Task requirements
Copy the listing in full and exactly, omitting its images.

Raw data
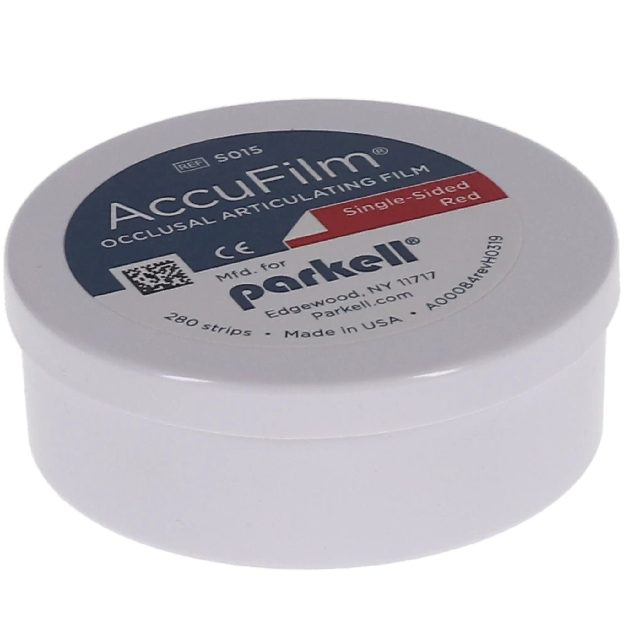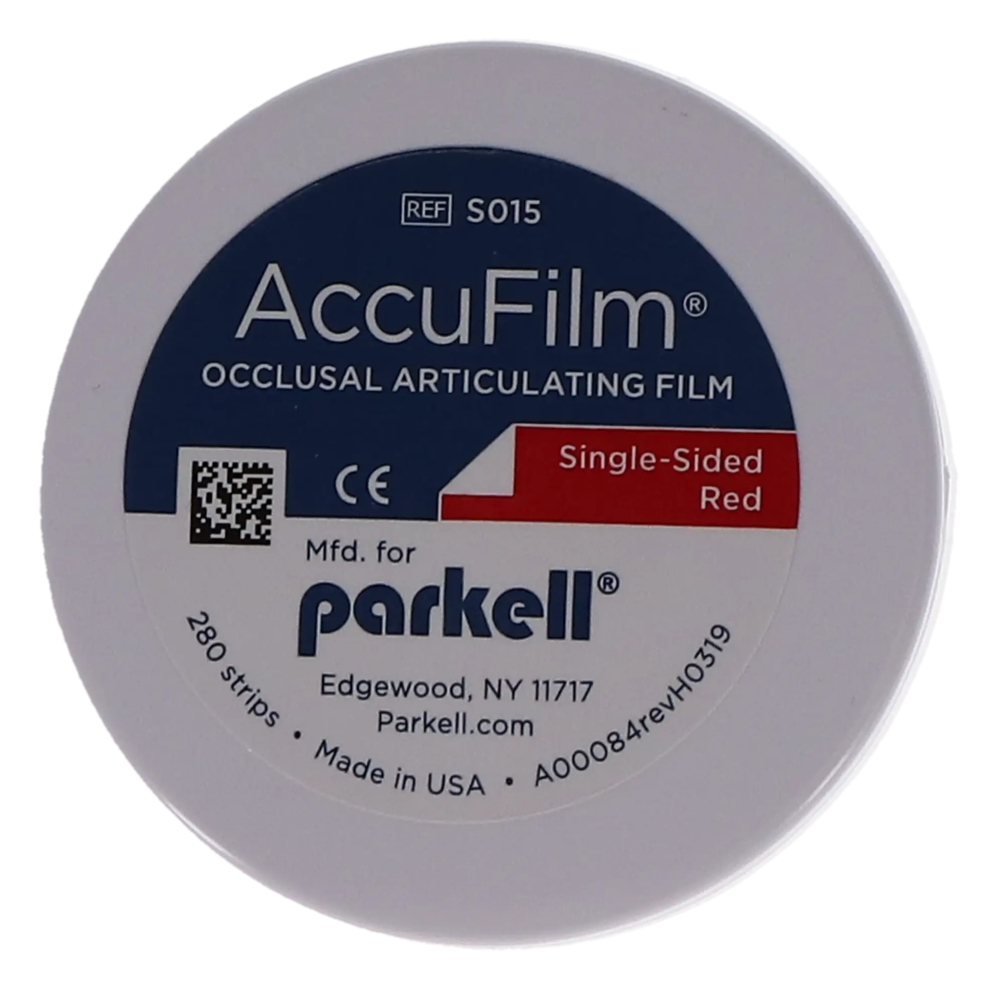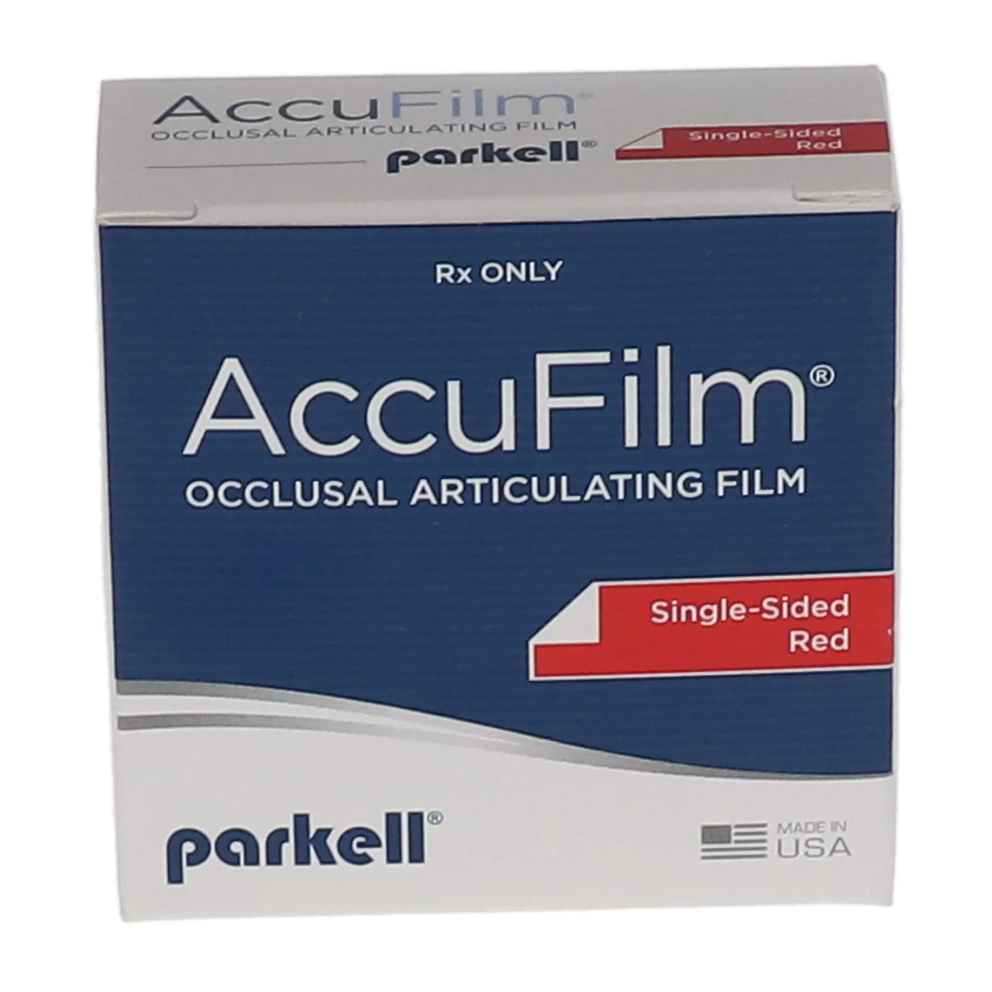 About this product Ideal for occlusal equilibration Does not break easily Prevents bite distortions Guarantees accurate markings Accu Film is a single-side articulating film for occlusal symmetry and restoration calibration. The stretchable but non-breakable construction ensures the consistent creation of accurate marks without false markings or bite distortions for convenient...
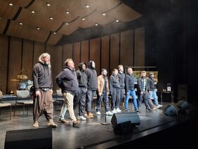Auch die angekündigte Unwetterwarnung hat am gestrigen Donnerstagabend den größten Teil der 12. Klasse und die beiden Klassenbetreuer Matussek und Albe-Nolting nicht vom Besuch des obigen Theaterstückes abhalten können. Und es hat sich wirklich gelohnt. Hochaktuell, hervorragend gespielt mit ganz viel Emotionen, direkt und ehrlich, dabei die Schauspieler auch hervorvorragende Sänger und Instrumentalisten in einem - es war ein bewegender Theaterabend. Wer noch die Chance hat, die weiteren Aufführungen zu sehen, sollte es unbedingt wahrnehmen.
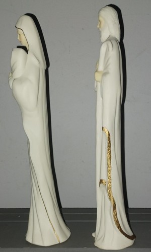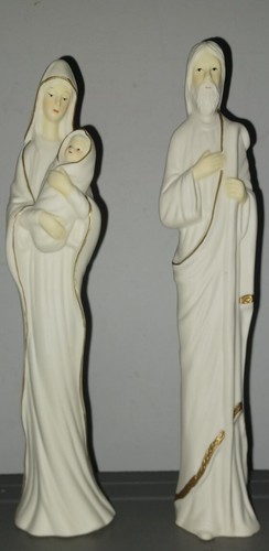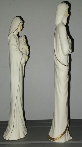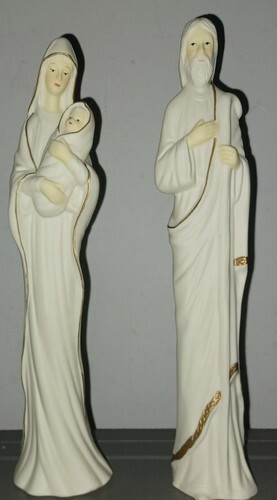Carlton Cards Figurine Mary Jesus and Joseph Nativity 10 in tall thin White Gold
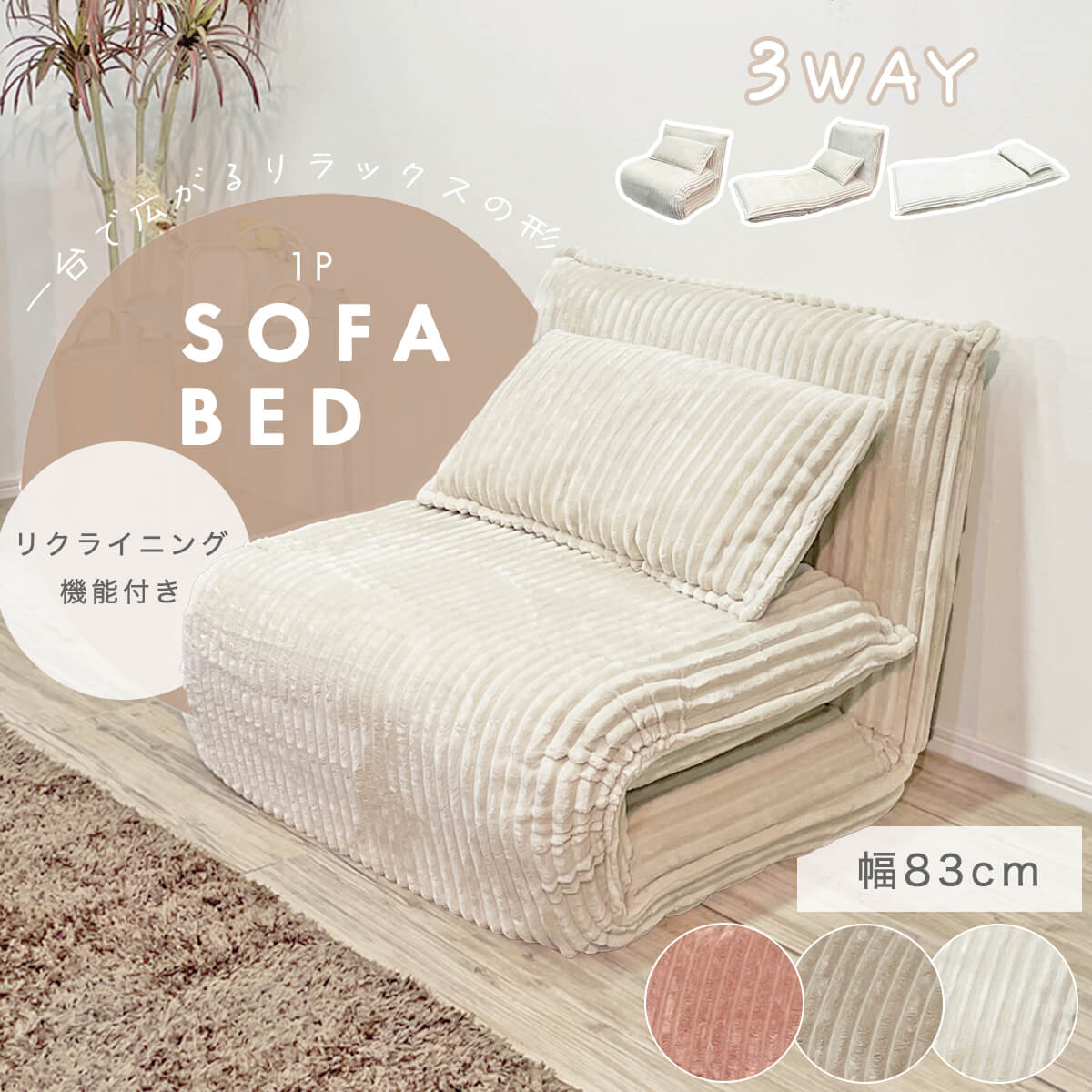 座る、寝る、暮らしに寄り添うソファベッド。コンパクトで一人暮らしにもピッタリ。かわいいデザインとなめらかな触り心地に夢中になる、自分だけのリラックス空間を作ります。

Solution for this problem
 About this product Ideal for occlusal equilibration Does not break easily Prevents bite distortions Guarantees accurate markings Accu Film is a single-side articulating film for occlusal symmetry and restoration calibration. The stretchable but non-breakable construction ensures the consistent creation of accurate marks without false markings or bite distortions for convenient...
Auch die angekündigte Unwetterwarnung hat am gestrigen Donnerstagabend den größten Teil der 12. Klasse und die beiden Klassenbetreuer Matussek und Albe-Nolting nicht vom Besuch des obigen Theaterstückes abhalten können. Und es hat sich wirklich gelohnt. Hochaktuell, hervorragend gespielt mit ganz viel Emotionen, direkt und ehrlich, dabei die Schauspieler auch hervorvorragende Sänger und Instrumentalisten in einem - es war ein bewegender Theaterabend. Wer noch die Chance hat, die weiteren Aufführungen zu sehen, sollte es unbedingt wahrnehmen.
Carlton Cards Figurine Mary Jesus and Joseph Nativity 10 in tall thin White Gold
 座る、寝る、暮らしに寄り添うソファベッド。コンパクトで一人暮らしにもピッタリ。かわいいデザインとなめらかな触り心地に夢中になる、自分だけのリラックス空間を作ります。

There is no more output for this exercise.